*** Opening Listed entries ***
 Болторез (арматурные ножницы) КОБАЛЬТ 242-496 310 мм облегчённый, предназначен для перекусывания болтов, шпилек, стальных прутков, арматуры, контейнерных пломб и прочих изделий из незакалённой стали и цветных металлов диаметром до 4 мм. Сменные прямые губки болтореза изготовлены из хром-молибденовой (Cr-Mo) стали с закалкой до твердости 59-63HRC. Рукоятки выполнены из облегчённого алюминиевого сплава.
*** Closing Listed entries ***
*** Opening Listed entries ***
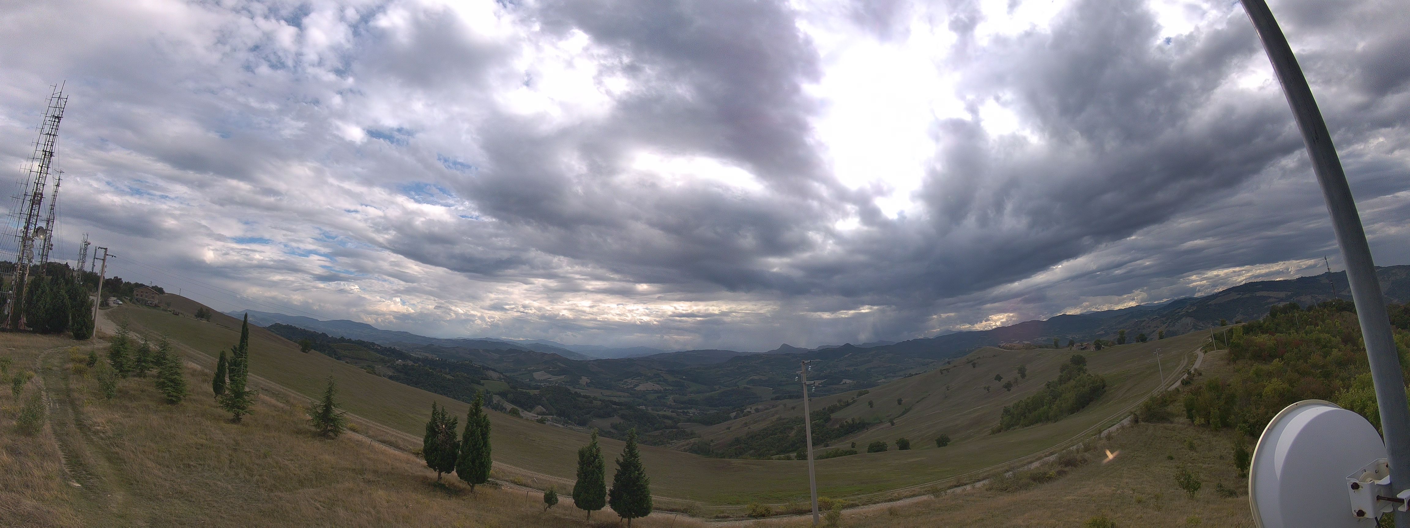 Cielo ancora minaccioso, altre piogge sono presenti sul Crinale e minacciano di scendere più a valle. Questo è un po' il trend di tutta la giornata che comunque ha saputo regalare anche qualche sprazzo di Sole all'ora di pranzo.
*** Closing Listed entries ***
*** Opening Listed entries ***
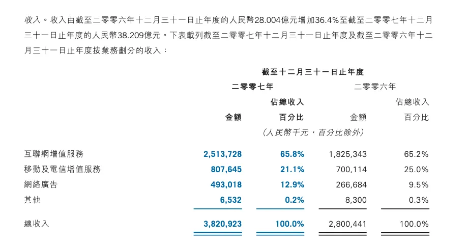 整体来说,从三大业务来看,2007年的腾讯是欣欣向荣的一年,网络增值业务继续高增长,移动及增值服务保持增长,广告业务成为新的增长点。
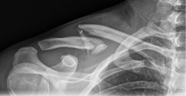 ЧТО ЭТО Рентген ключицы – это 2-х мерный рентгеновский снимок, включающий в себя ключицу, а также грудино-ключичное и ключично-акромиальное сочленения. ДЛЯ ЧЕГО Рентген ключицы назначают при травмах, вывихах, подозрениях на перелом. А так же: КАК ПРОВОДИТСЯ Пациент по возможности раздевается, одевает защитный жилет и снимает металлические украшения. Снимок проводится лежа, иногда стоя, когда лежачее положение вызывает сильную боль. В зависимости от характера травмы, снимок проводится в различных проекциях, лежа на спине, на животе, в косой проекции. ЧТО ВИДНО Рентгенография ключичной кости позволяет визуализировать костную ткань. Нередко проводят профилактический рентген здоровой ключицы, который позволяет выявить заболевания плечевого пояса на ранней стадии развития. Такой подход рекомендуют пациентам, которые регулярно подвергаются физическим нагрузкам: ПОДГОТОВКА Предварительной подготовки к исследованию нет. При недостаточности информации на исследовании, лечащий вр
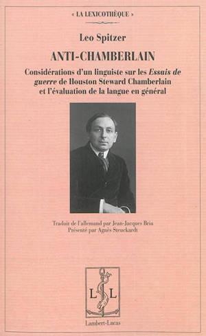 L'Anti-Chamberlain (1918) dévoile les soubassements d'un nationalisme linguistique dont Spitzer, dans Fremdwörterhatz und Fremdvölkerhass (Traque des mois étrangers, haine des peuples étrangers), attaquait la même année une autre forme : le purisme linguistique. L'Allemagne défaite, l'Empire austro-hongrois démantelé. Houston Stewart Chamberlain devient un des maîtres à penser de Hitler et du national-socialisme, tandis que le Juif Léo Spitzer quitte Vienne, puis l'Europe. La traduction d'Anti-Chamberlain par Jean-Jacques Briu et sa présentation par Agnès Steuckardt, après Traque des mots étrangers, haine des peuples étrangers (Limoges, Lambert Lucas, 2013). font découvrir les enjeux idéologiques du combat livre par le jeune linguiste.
*** Closing Listed entries ***
§ **Directions**: Among the lines above, the one with "ЧТО ЭТО Рентген" opens the part to repeat and the one with "L'Anti-Chamberlain (1918) dévoile" closes it; repeat only that part exactly, with no pictures.

§ **Output**:
 ЧТО ЭТО Рентген ключицы – это 2-х мерный рентгеновский снимок, включающий в себя ключицу, а также грудино-ключичное и ключично-акромиальное сочленения. ДЛЯ ЧЕГО Рентген ключицы назначают при травмах, вывихах, подозрениях на перелом. А так же: КАК ПРОВОДИТСЯ Пациент по возможности раздевается, одевает защитный жилет и снимает металлические украшения. Снимок проводится лежа, иногда стоя, когда лежачее положение вызывает сильную боль. В зависимости от характера травмы, снимок проводится в различных проекциях, лежа на спине, на животе, в косой проекции. ЧТО ВИДНО Рентгенография ключичной кости позволяет визуализировать костную ткань. Нередко проводят профилактический рентген здоровой ключицы, который позволяет выявить заболевания плечевого пояса на ранней стадии развития. Такой подход рекомендуют пациентам, которые регулярно подвергаются физическим нагрузкам: ПОДГОТОВКА Предварительной подготовки к исследованию нет. При недостаточности информации на исследовании, лечащий вр
 L'Anti-Chamberlain (1918) dévoile les soubassements d'un nationalisme linguistique dont Spitzer, dans Fremdwörterhatz und Fremdvölkerhass (Traque des mois étrangers, haine des peuples étrangers), attaquait la même année une autre forme : le purisme linguistique. L'Allemagne défaite, l'Empire austro-hongrois démantelé. Houston Stewart Chamberlain devient un des maîtres à penser de Hitler et du national-socialisme, tandis que le Juif Léo Spitzer quitte Vienne, puis l'Europe. La traduction d'Anti-Chamberlain par Jean-Jacques Briu et sa présentation par Agnès Steuckardt, après Traque des mots étrangers, haine des peuples étrangers (Limoges, Lambert Lucas, 2013). font découvrir les enjeux idéologiques du combat livre par le jeune linguiste.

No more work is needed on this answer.